Human capital, broadly defined as the skills acquired through formal education, is acknowledged as one of the key drivers of economic growth and social development. However, its measurement for the working-age populations, on a global scale and over time, is still unsatisfactory. Most indicators either only consider the quantity dimension of education and disregard the actual skills or are demographically inconsistent by applying the skills of the young cohorts in school to represent the skills of the workingage population at the same time. In the case of rapidly expanding or changing school systems, this assumption is untenable. However, an increasing number of countries have started to assess the literacy skills of their adult populations by age and sex directly.

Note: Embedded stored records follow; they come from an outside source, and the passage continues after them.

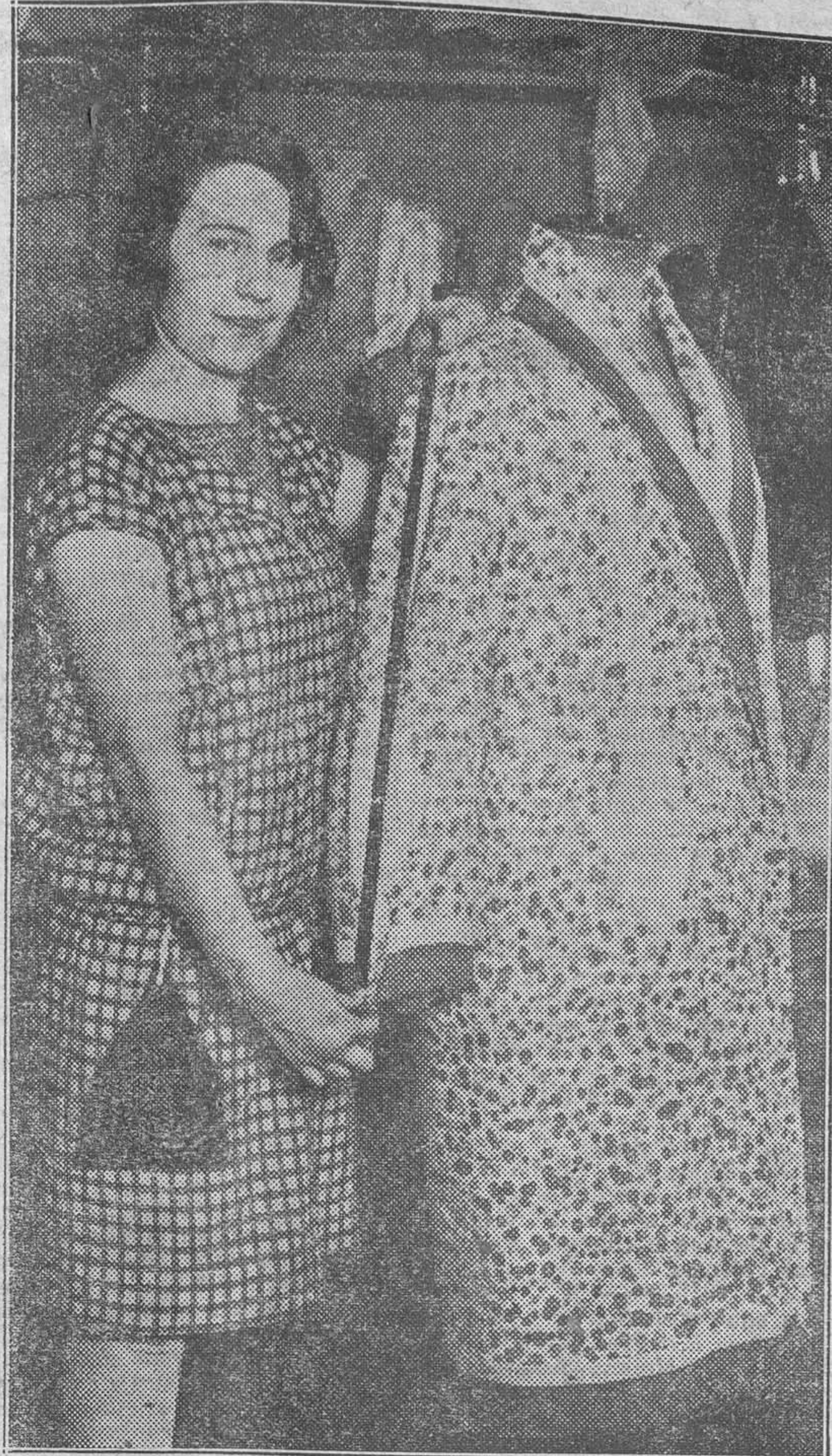
La Cámara Sindical de las Costureras ha proclamado el éxito del Concurso de aprendizas...

Si desea usted comprar Trajes Vestidos Abrigos Pielles Alfombras Mantas Edredones Géneros punto Tejidos en general INFORMESE ANTES en la CASA COGOLLOS QUE LE INTERESA San Vicente, 120-Tel. 1.120
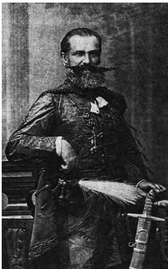
■ Orbán Balázs (1829–1890) író, néprajzi gyűjtő, az MTA levelező tagja
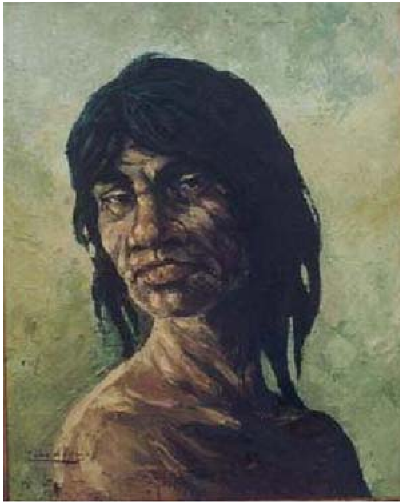
36. Retrato de nativo 3 , c. 1965. Óleo sobre lienzo, 43 x 32 cm. Galería de Arte Vargas, Lima.

Con este grupo de retratos se observa también que Calvo se identifica con los habitantes de la selva amazónica, aquellos con quienes compartió, durante su infancia, largas horas de juego y experiencia artística y, porque no, tal vez fueron sus primeros maestros en las artes plásticas.
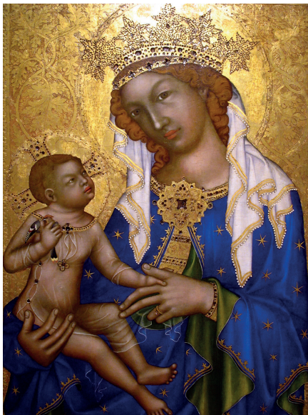
Madona Zbraslavská c. 1350–1360 Národní galerie v Praze, Anežský klášter

nostnější barvou, neboť její královsky modrý pigment se až do pozdního baroka získával z drahokamu lapis lazuli. Číslo dvanáct mělo krom hvězdné koruny Panny Marie v západním kontextu kulturních dějin vždy tuto symboliku: dvanáct apoštolů, dvanáct izraelských kmenů, dvanáct bran a dvanáct drahých kamenů Nebeského Jeruzaléma, dvanáct nejvýznamnějších andělů a dvanáct znamení zvířetníku. To jsou hlavní a historicky platné symbolické významy, které slouží jako pevné „precedenty“ v naší základní analýze.
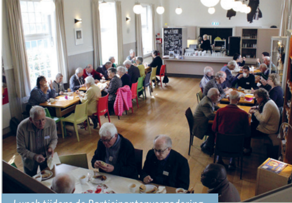
Lunch tijdens de Participantenvergadering
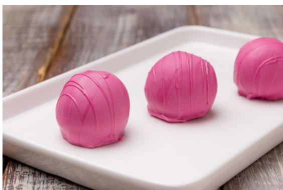
TRUFA DE FRAMBOESA R$4,90 CADA
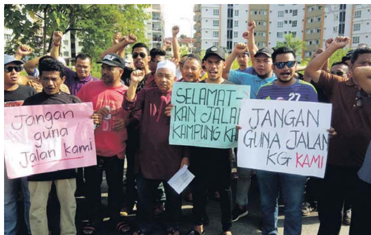
Penduduk kampung Penduduk Kampung Pasir bantah kerja pemasangan paip.

"Kami mendesak MPAJ membuka laluan 'ramp' berhampiran kondominium tersebut. Penduduk kampung berharap Kementerian Perumahan dan Kerajaan Tempatan dan Kerajaan Negeri Selangor dapat membantu menyelesaikan
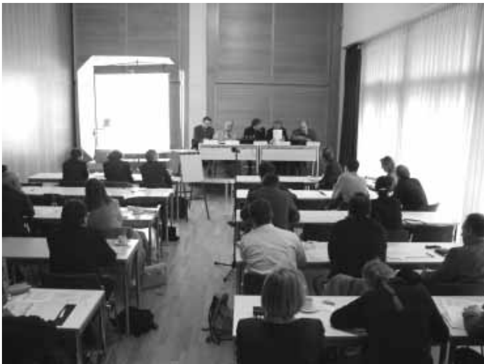
VENRO-Fachtagung zur Zwischenbilanz der Umsetzung des „Monterrey Konsensus“ am 19. November 2003 in Berlin
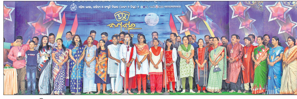
ସେବା ଓ ସଂସ୍କୃତି ଅନୁଷ୍ଠାନ କଳାକାର ସଦସ୍ୟାସଦସ୍ୟମାନେ।

ବର୍ତ୍ତମାନ, ୯।୧୧(ଡି.ଏନ.ଏ.)- ନାଲକୋ ଓ ବର୍ତ୍ତମାନ ଥାନା ଅଞ୍ଚଳରେ ବ୍ରାଉନ ସୁଗାର କାରବାର ବୃଦ୍ଧି ପାଇଛି। କିଛିଦିନ ତଳେ ପୋଲିସ୍ ନାଲକୋ ଓ ବର୍ତ୍ତମାନ ଅଞ୍ଚଳରୁ ବ୍ରାଉନସୁଗାର ଜବତ ସହ ୨ କିଲୋଗ୍ରାମ ବ୍ରାଉନସୁଗାର ଜବତ ହେବ ବୋଲି ଜଣାପଡ଼ିଛି।
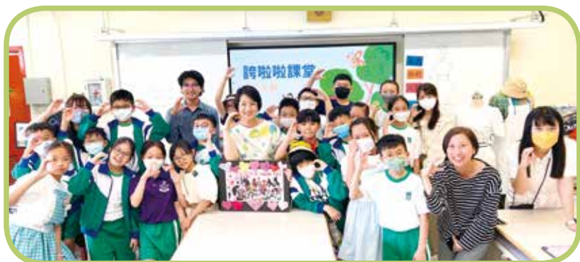
兩位外國教育工作者到訪，分享創意教學心得。
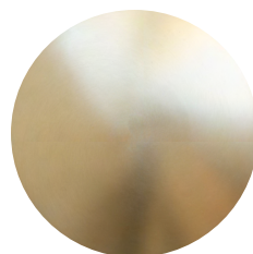
Broušená champagne lak
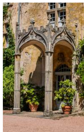
Portique néogothique du château
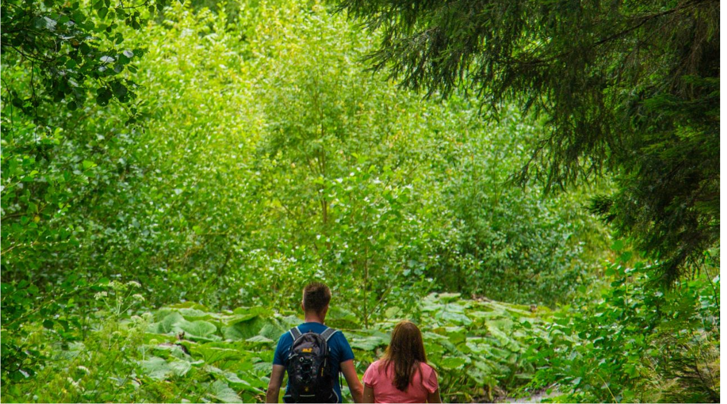
Wandern in Bad Wünnenberg
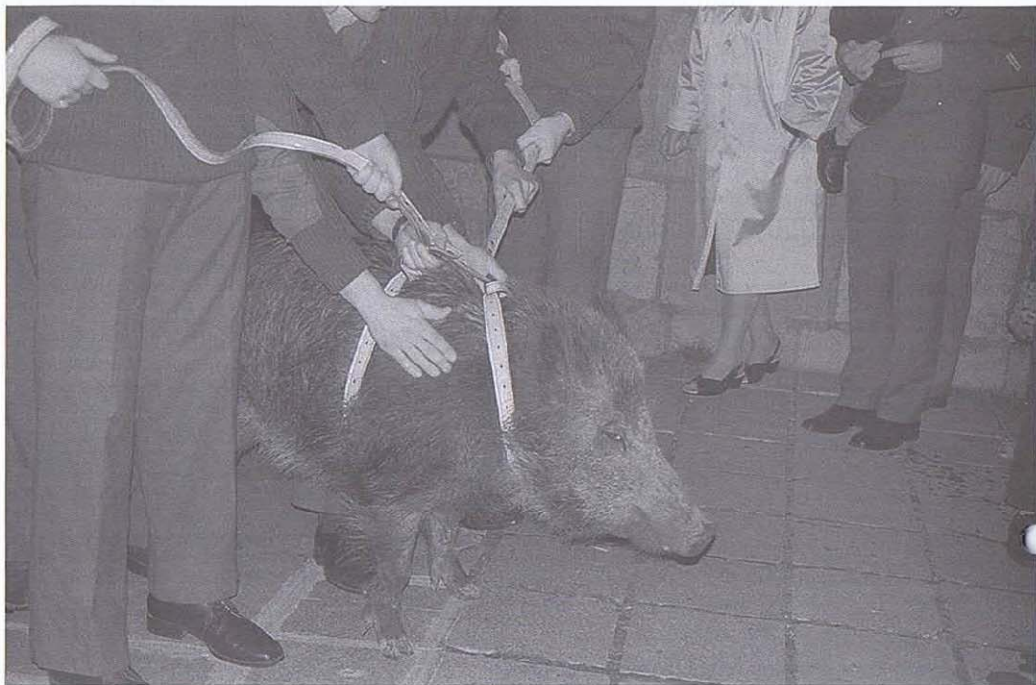
HERA notre nouvelle mascotte
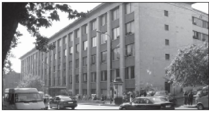
პარკის მდებარეობის ახალი არ...

მთავრობის განცხადებით... (text continues)
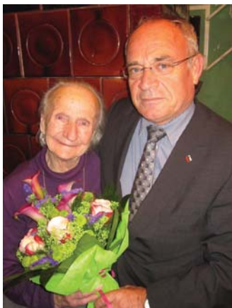
Boštaj Frančiška Vrhpolje
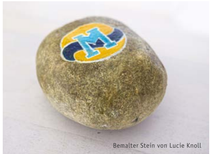
Bemalter Stein von Lucie Knoll
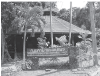
บึงทะเลบันและอาคารที่ประชุม อาคาร 16 เหลี่ยม

เส้นทางการเดินป่านั้นมีหลายเส้นทาง เส้นทางที่เราจะเดินนี้เป็นเส้นทางระยะสั้น เพียง 600 เมตร แต่ถึงแม้จะเป็นระยะทางสั้นๆ แต่ก็เต็มไปด้วยความหลากหลายของพันธุ์พืช เช่น ตะเคียน สักน้ำ สะตอ เต่าร้าง เต่าร้างแดง แซะ ลำเภา หลาวชะโอนเขา จิกนา ดินนง มะปริง มะไฟฝรั่ง ยางมันหมู ตะเคียนเต่า หมากลิง และหลุมพอที่มีอยู่เป็นจำนวนมาก พื้นที่ค่อนข้างลาดชันมีเถาวัลย์เลื้อยไปมา บรรเลงด้วยเสียงจักจั่นที่กึกก้องไปทั่วป่า สักพักเจ้าหน้าที่นำทางของเราชี้ให้เห็นต้นตาว ลูกชิดที่ใส่ในขนมหวานน้ำแข็งใส มีอยู่เยอะพอสมควรในป่าแห่งนี้
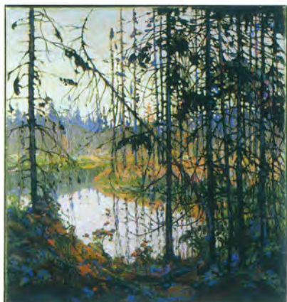
Tom Thomson Północna rzeka

stów kanadyjskich, a niektóre obrazy osiągają ceny kilku milionów dolarów. Płótna oddają hołd wspaniałej przyrodzie w charakterystycznym stylu o śmiałych barwach i teksturach, zrywającym z ówczesnymi tendencjami malarstwa kanadyjskiego.
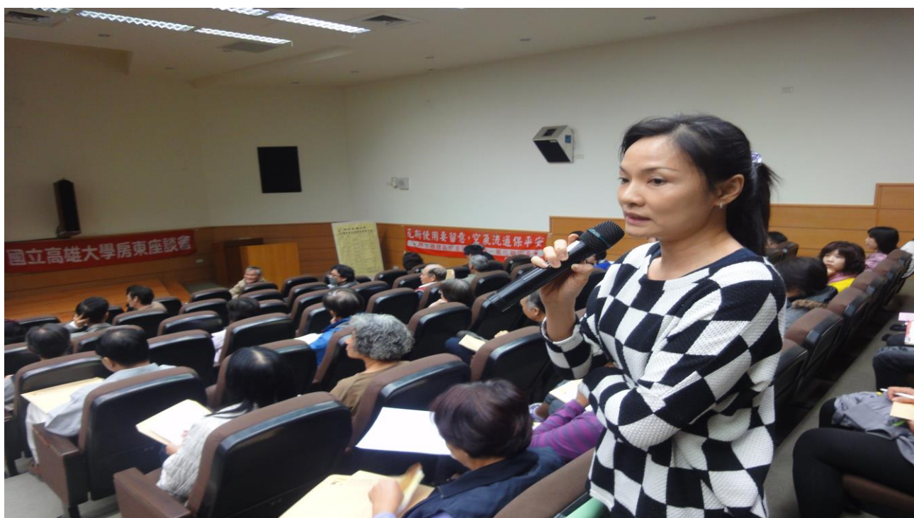
活動名稱：103 學年度房東座談會－意見交換與經驗交流 時間：103 年 12 月 8 日 地點：圖資館多媒體教室 辦理單位：生活輔導組
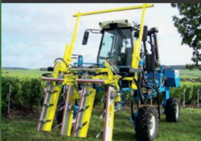
P3200 avec relevage ASCENCEUR.
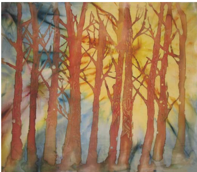
Серпасыс Сыктывкарса 26-ӧд номера школа архивысь.
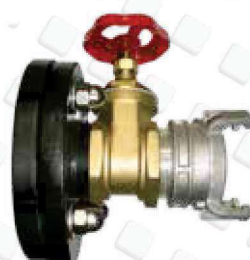
Ensemble vanne à opercule DN100 + 1/2 raccord symétrique

Véritable solution économique pour le stockage de vos effluents agricoles, nos citernes souples vous apportent de nombreux avantages :
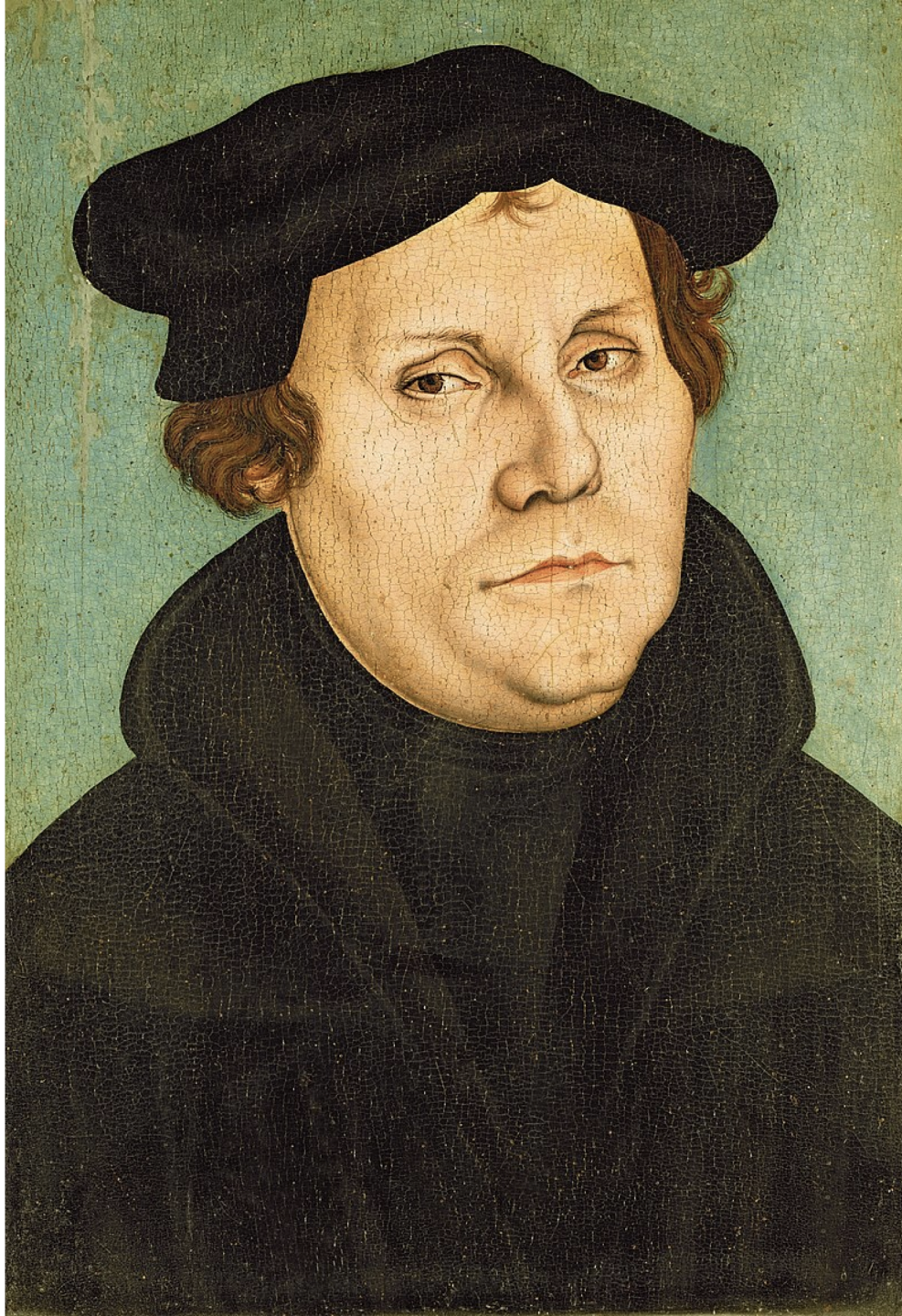
1528, Lucas Cranach der Ältere
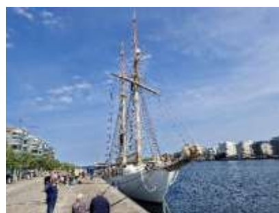
HMS Gladan på besök vid Sundskajen – Limhamn våren 2025

Vi har under 2025 arrenderat ut platser till två privata större yachter där den ena avgick till USA under
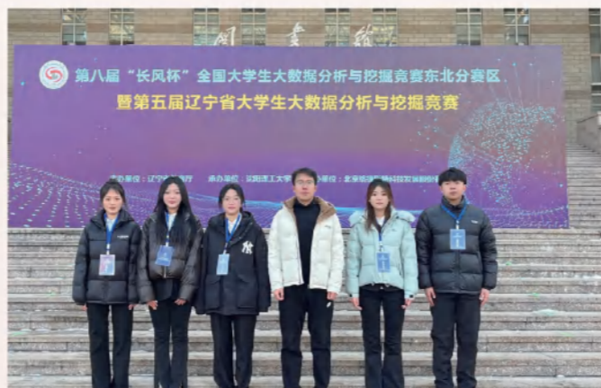
第八届“长风杯”全国大学生大数据分析与应用竞赛

Drawing on this literacy data, and by using demographic backprojection and statistical estimation techniques, we here present a demographically consistent indicator for adult literacy skills, the skills in literacy adjusted mean years of schooling (SLAMYS). The measure is given for the population aged 20 to 64 in 185 countries and for the period 1970 to 2015. Compared to the conventional mean years of schooling (MYS)—which has strongly increased for most countries over the past decades, and in particular among poor countries—the trends in SLAMYS exhibit a widening global skills gap between low- and high-performing countries.

Item Type: Article
Uncontrolled Keywords: human capital indicator, literacy skills, education, cross-country analysis, demography
Research Programs: Population and Just Societies (POPJUS)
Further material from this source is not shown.